La risposta della Cina non si è fatta attendere, infatti Yang, il massimo rappresentante del partito, ha a sua volta accusato gli Stati Uniti di usare la propria potenza militare e la supremazia finanziaria per destabilizzare e fare pressione sui Paesi non allineati minacciando l’intero futuro del commercio internazionale.
Yang ha inoltre aggiunto che Xinjiang, Hong Kong e Taiwan sono tutte parti inseparabili del territorio cinese e la Cina si oppone fermamente all’interferenza degli Stati Uniti nei suoi affari interni.
Il diplomatico cinese ha continuato affermando che la Cina non ricerca nessun confronto con gli Stati Uniti ma chiede semplicemente rispetto reciproco. “Il modo in cui vediamo il rapporto con gli Stati Uniti è come ha già descritto il presidente Xi Jinping, cioè speriamo di non vedere alcun confronto, alcun conflitto, vogliamo solo rispetto reciproco e cooperazione vantaggiosa per tutti”.
Oggi si svolgerà la seconda ronda di colloqui ma nessuno si aspetta nulla di concreto dal summit tra le due potenze. A due giorni dall’affermazione di Joe Biden che definiva Vladimir Putin un assassino si delinea chiaramente come il nuovo inquilino della Casa Bianca intende muoversi in politica estera nei prossimi anni. La politica di Biden sembra ricalcare quanto tracciato da Trump, potrebbe pure apparire più aggressiva di quella del suo predecessore, sulle questioni più spinose come i rapporti tra gli Stati Uniti e la Russia e la Cina.
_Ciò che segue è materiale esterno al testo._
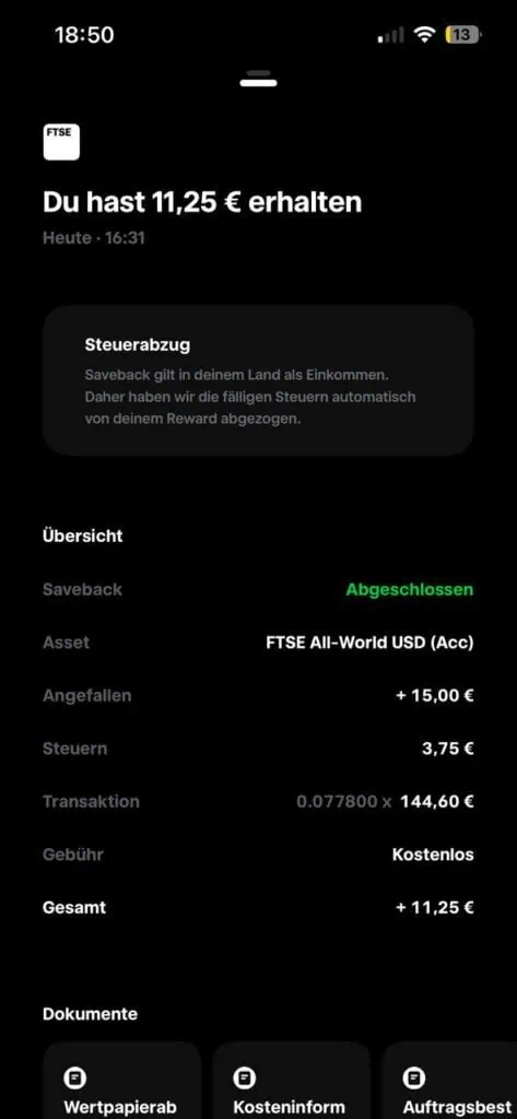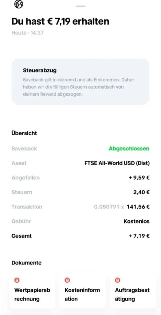 Fällt ein Saveback von 15,00 Euro an, werden daraus 3,75 Euro Kapitalertragsteuer berechnet, sodass 11,25 Euro in das gewählte Saveback-Asset investiert werden. Bei einem geringeren Saveback von 9,59 Euro reduziert sich der investierte Betrag aufgrund der Steuer auf 7,19 Euro.

Non sembra, almeno dalle battute iniziali, che la Casa Bianca abbia intenzione di appianare le divergenze con la Cina e la Russia. Non sono certo mosse distensive definire un presidente assassino o presentarsi ad un incontro e iniziare la discussione mettendo sul piatto le questioni che dividono le due nazioni. Insomma appare evidente che da parte statunitense non ci sia la voglia di cooperare ma quella di imporre le proprie posizioni, per buona pace di coloro che hanno creduto che un nuovo presidente negli Stati Uniti, soprattutto perché democratico, avrebbe cambiato qualcosa nei rapporti internazionale.